Open ChaoPang opened 7 months ago
Thanks for bringing this up. Better handling of visits is important and this could / should be improved.
I think you have the right idea in terms of "Meds Extension". Basically, you want to define a second format "MEDS Visit" that is more organized around visit calculation, with transformations to that format from MEDS. I would recommend doing this transformation on the fly for models. So users pass in a MEDS dataset and your code would convert it to MEDS Visit as needed.
Note that we already have something similar called MEDS Flat, that makes writing ETLs easier (see https://github.com/Medical-Event-Data-Standard/meds_etl?tab=readme-ov-file#meds-flat).

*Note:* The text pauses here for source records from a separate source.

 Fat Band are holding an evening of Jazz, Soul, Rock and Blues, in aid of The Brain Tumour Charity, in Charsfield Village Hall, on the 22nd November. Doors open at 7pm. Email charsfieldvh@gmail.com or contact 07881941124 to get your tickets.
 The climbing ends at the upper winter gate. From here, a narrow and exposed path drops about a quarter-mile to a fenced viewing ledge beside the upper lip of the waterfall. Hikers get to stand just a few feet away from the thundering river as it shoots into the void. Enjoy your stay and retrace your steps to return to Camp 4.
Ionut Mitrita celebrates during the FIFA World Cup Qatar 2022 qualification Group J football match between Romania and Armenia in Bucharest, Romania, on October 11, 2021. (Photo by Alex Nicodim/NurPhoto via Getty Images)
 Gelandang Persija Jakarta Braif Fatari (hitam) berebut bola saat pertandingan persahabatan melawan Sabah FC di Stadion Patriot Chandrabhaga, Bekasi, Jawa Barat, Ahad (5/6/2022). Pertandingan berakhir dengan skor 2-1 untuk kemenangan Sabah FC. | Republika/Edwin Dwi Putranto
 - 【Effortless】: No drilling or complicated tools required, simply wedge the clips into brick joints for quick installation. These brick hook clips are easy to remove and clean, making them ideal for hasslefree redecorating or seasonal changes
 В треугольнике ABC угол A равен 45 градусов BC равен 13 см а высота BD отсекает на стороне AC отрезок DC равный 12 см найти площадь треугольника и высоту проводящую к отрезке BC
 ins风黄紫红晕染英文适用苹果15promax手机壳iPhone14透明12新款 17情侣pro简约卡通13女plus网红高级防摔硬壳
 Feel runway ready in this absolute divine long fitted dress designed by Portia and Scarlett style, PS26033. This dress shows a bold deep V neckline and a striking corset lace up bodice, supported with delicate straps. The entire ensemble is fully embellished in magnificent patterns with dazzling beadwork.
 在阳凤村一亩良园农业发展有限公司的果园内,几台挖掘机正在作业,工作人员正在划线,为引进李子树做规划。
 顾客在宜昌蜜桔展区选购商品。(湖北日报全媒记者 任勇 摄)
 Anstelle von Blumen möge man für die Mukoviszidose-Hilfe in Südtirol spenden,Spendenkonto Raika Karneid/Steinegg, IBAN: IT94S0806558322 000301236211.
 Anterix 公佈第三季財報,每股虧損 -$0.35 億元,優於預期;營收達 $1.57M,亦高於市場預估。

For a first pass, I would call this format CEHRTPatient or something, with a name specific to your package. Once you get it working we could add it to this schema repository with the name MEDS Visit if you think it will be generally useful to other people.
For writing the transformation from MEDS to MEDS Visit, I would recommend using the visit_id tags that are retained in https://github.com/Medical-Event-Data-Standard/meds_etl/blob/main/src/meds_etl/omop.py#L277 and https://github.com/Medical-Event-Data-Standard/meds_etl/blob/main/src/meds_etl/mimic/__init__.py#L74
I'm not sure if those ETLs have everything you need to construct visit groupings. If you run into issues, feel free to make a Pull Request for the ETLs to add the information you need.
Now to answer your questions more explicitly
In my first experiment, I used event to store the visit information, where I put visit_start_datetime as event.time ... which may violate the meaning of an Event.
Yeah, this is invalid as measurements within an events (per the schema) must always have the same time.
Do you have any plans to introduce Visit to the schema?
I don't think so. If anything, we will probably make the core MEDS schema simpler (removing datetime_value, the double nesting of Event, etc).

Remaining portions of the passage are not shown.